Monogamist and a Poly
I'm definitely new to this lifestyle and really haven't begun it yet. I figure that bouncing ideas off others and having someone else (besides my partner) to talk to about my feelings and emotions may be therapeutic for me.
To start off, I am the monogamist. I've been in an incredible relationship with my partner for the past year and a half. We met online and really hit it off when we first met each other. In a way we are similar people who are completely opposite. Both very intelligent and have a firm grasp on what love is and how we feel about one another, but desire to live life in different fashions.
I only recently found out that she deeply wanted to be with other people. Not in a way that replaces me or puts me down, but in a way that she can still live her life to the extent that she has always dreamed of. I've definitely remember her talking about polygamy and how society casts it aside as a negative thing. She has very good reasons as to why it shouldn't be looked at differently and I can't argue with what she has to say. I'm very supportive of pretty much everything she does and desires.

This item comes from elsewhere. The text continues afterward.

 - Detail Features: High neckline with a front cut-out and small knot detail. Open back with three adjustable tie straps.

My partner is a very mature individual who has already experienced more with others that I ever wish to in my lifetime. Just sort of the way I adopted my views on relationships and how I held the importance of them. My partner has had some regrettable choices that she has made in the past but I don't really think she would ever wish them to be taken away. For her, it's a memory hook, something that occurred in her life that she can look back on for the rest of her life. A lot of these have to do with sexual partners and flings.

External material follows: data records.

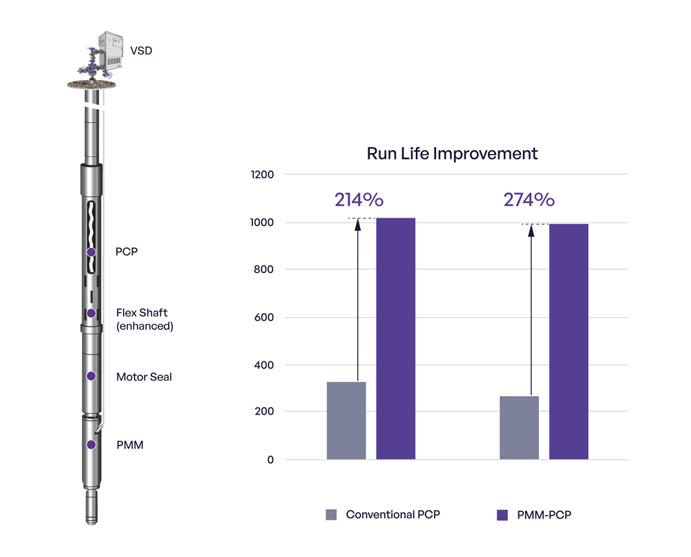 Beyond extending operational life, the system also delivered significant financial benefits over a three-year period. Energy consumption was reduced 16%, saving 4 kWh per well, while deferred oil production losses were eliminated, resulting in annual savings of $110,000. Additionally, intervention costs were reduced by $245,000, as the operational period was extended from less than one year to nearly three years. By eliminating rod-related failures, the PMM-PCP system further enhanced reliability, validating its higher initial investment as a more efficient and sustainable long-term solution.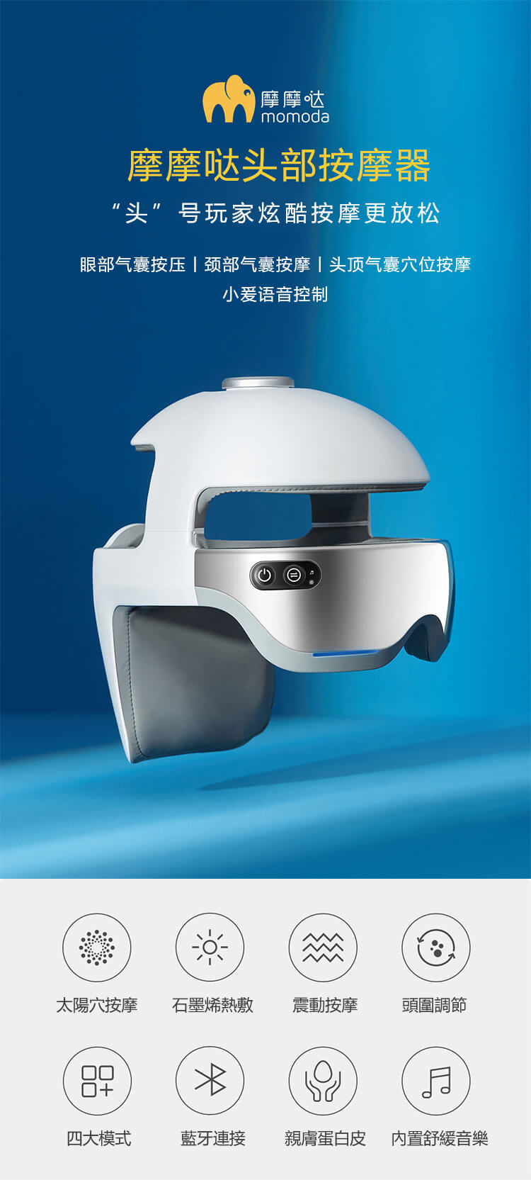 Momoda智能頭部按摩器採用3D氣囊環繞頭部、頸部和眼睛,為用戶帶來愉悅的多部位一站式按摩體驗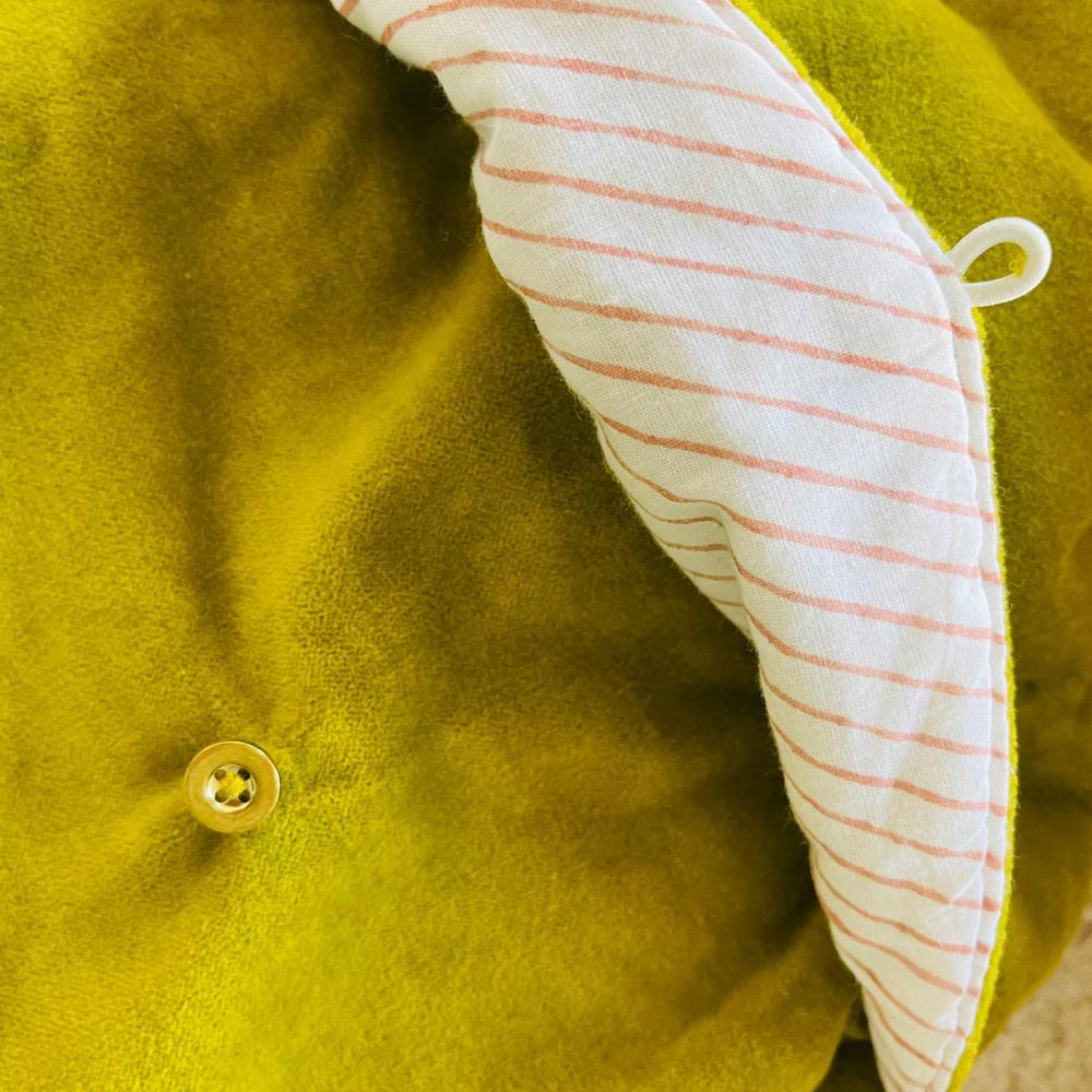 Der Bezug ist wattiert, mit einem bedruckten Baumwollstoff gefüttert und abnehmbar. Wir empfehlen Handwäsche, um den Flausch des Samtes zu erhalten.
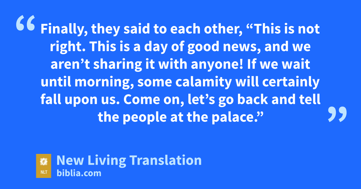 8 When the men with leprosy arrived at the edge of the camp, they went into one tent after another, eating and drinking wine; and they carried off silver and gold and clothing and hid it. 9 Finally, they said to each other, “This is not right. This is a day of good news, and we aren’t sharing it with anyone! If we wait until morning, some calamity will certainly fall upon us. Come on, let’s go back and tell the people at the palace.”

When we started our relationship, I was sort of intimidated because I felt I would be inadequate to the needs that she holds important. Not saying that I'm bad in bed, but I am definitely not as experienced as her. I found out that I was wrong in my thoughts. She very much enjoys our sexual encounters, as do I and we are always working on improving them as well.
But this is just background info. There is a lot more that goes into our relationship, and it is definitely different from many others (not just in the poly/mono sense). To get to my point though, she has expressed to me her interest in having more sexual encounters, more playing, more games etc with others. From a monogamist standpoint, and especially at first, for a relationship to feel so great and for things to be going in strides in the right direction, it's hard for me to see her want to be with someone else. We have made some serious compromises though and have been very open with each other communication wise, so I feel the true trust I have with her is pure and won't fade. I just want to be able to communicate to her how I feel in this regard. It means so much to me that she gets what she wants out of life, but at the same time, I don't want to risk what we have with one another.

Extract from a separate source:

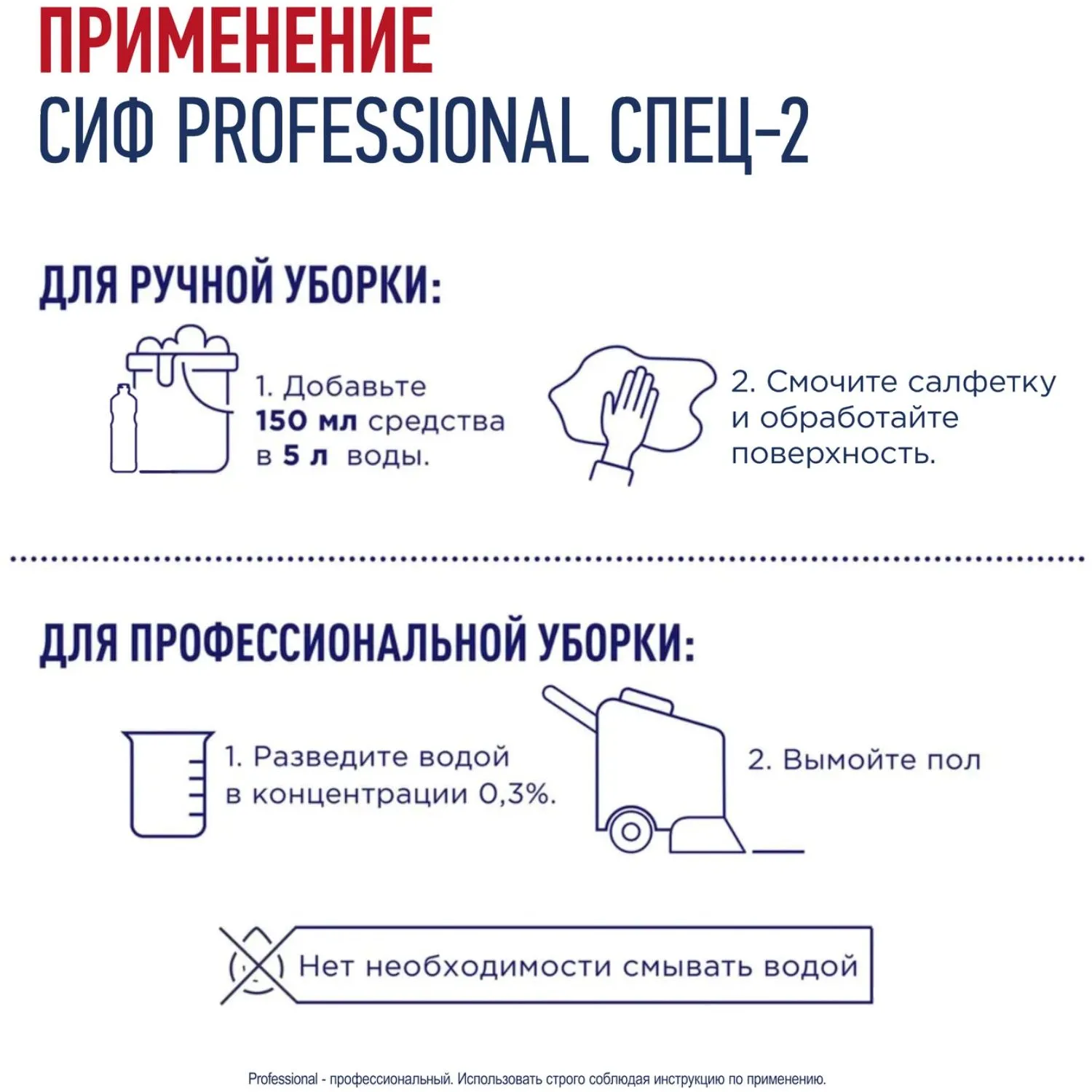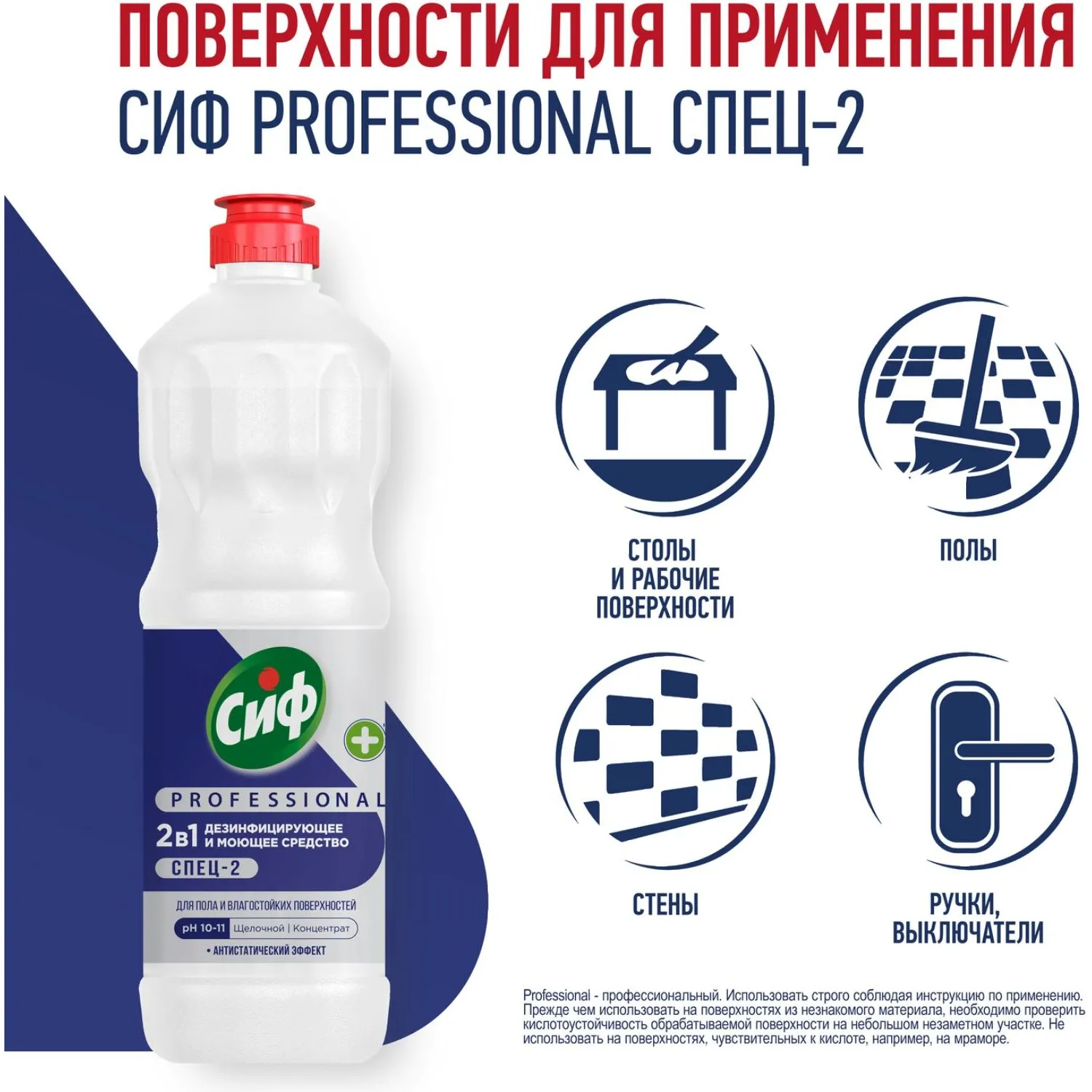 Назначение: универсальное моющее средство Сиф Professional СПЕЦ-2 для ежедневного очищения и дезинфекции столов и рабочих поверхностей, пола, использования в поломоечных машинах в кафе и ресторанах, на пищевых производствах, офисах, бизнес центрах и в других местах общественного пользования.

I'm afraid some guy/girl might come along and attempt to compete with me. That's honestly my biggest fear. The sexual encounters are one thing, still difficult to process now, but it's that fear that she'll want to fall in love with someone else and I will part of this triangle. Not to say that I have anything against the practice, but it's just not how I want to live my life. I don't want to have doubts about our life, because I see her as my life partner, and I don't regret any instance that we have had.
She is everything to me and I have to let her fly in the way she was intended. She comes home very happy and has expressed that she hasn't loved me more than she has now, given that I have sort of allowed this to occur. I'm just a sucker when it comes to being alone, especially if she's out and about and I'm not sure where she is. I want to know that she is safe and secure, even if it's with someone else at the time.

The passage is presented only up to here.